The Secular and the Sacred

Final alumni art show looks at religious themes

Students+admire+the+work+of+Biola+alumni+during+the+last+art+show+of+the+semester+before+the+senior+show+begins.

Photo by Lehua Kamakawiwoole

Students admire the work of Biola alumni during the last art show of the semester before the senior show begins.

Biola alumni students opened their fifth and final Art Alumni Exhibition starting this past Tuesday, Feb. 26, and it will be on display until Thursday, March 20. The opening reception was on Tuesday from 7 p.m. to 9 p.m.

The theme, “Through a Glass Dimly,” focuses on spiritual and religious themes in art, and the works of the participants, such as Jonathan Anderson, exhibits this. Anderson, now serving in his second year as a full-time professor at Biola began teaching after completing his Master of Fine Arts (MFA) from CSU Long Beach. His paintings, which center on how visual language is functioned, illustrates a “seemingly realistic ‘space’ opened up by the representation,” a space with “genuine depth” such as a chapel or a landscape. This space, however, seems closed up by the fact that the ‘space’ is only “representational” rather than being “an actual one.”

Anderson believes it is “vital that we speak about God” and that the necessity to continue “speaking and struggling to articulate” in theological language is also important. He is now very pleased to see his fellow alumni begin their new journeys with art outside of Biola.
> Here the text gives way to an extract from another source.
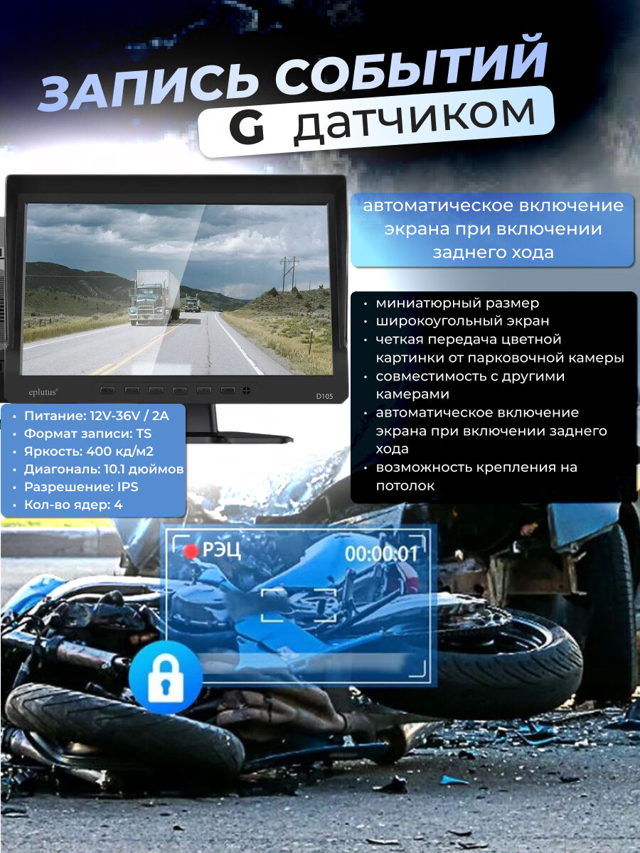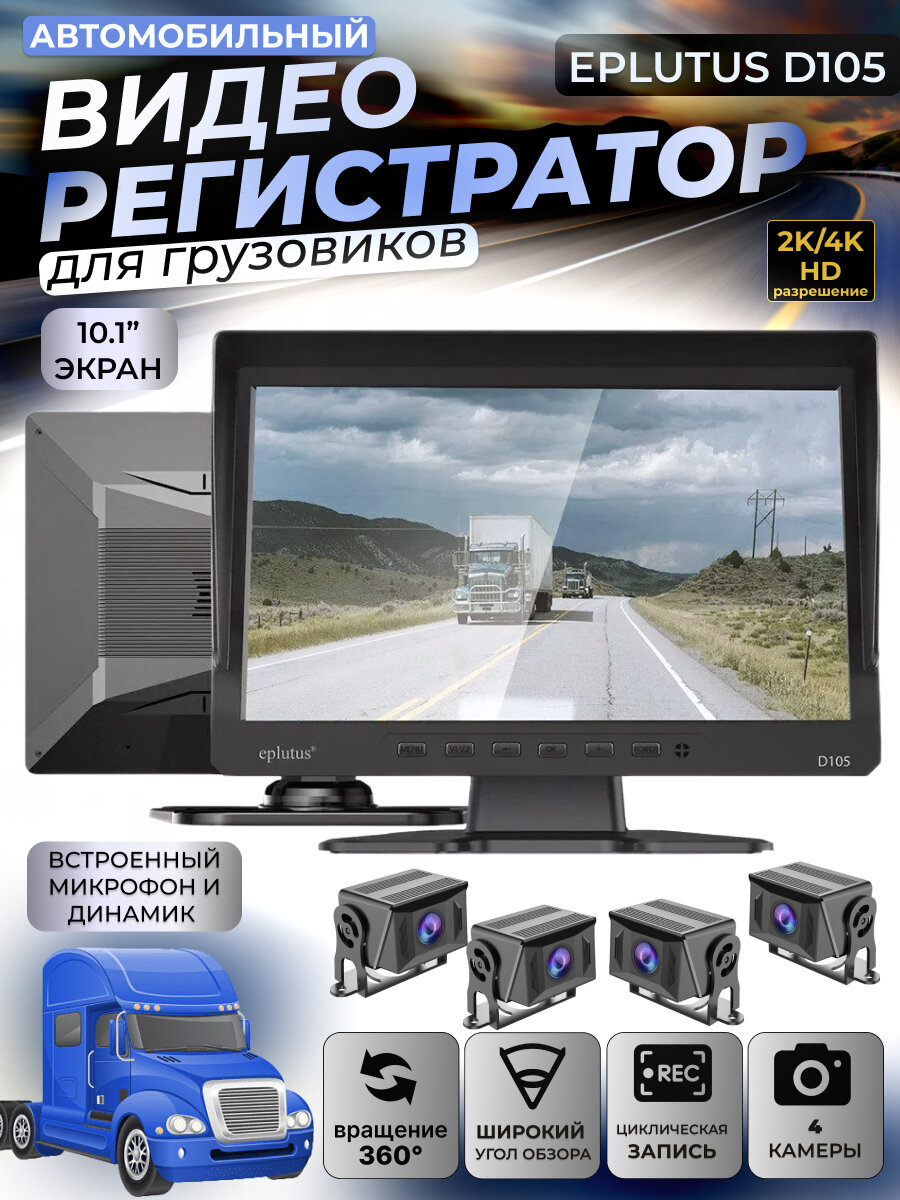 Видеорегистратор Eplutus D105 для грузовиков с 4 камерами информация:

“I’m looking forward to seeing … how they have been grappling with life through the medium of the visual arts,” Anderson said.

Kurt Simonson, who graduated in 2000 and taught high school photography for three years, received his MFA degree from Long Beach State and is currently serving as the assistant professor of photography at Biola. In addition, Simonson has been a part of all five of the alumni art shows in many various ways. However, in the most recent one, Simonson’s photography was chosen by Art Director Barry Krammes, just like it was during the second exhibition.

Simonson’s photography in this exhibition includes “diptychs” — two-panel scenes that “juxtapose fractions of old religious paintings with photographs from everyday life.” Simonson says he strives to indicate the “tensions” and “complexities” in life, asking questions such as, “Are contemporary scenes made more ‘sacred’ because of the presence of the religious scenes or vice versa?”

Brieanna Radford, however, will graduate this May. During fall 2006, Radford completed her studies at the New York Center for Arts and Media Studies (NYCAMS), where she first started on her piece, “The Meditation Box.” Radford was then asked to display a piece, “concerning the necessity for mediation in spiritual health.” Impressed by this piece, Krammes believed it would fit well with the show. “The Meditation Box” involves the “spiritual discipline of meditation in spiritual growth,” according to Radford. She said Christians need moments of silence, but that they often “shy away” from them due to the “emphasis” that Buddhism places on meditation. Therefore, Radford’s “Meditation Box” is created in order to “provide a space to pursue that silence” and also to “provoke thought of the hunger for meditation in daily spiritual life.”

As the alumni commence their fifth and last art exhibition, Biola continues to look forward to more projects of their students to display and “impact the world” with the gifts God has granted them.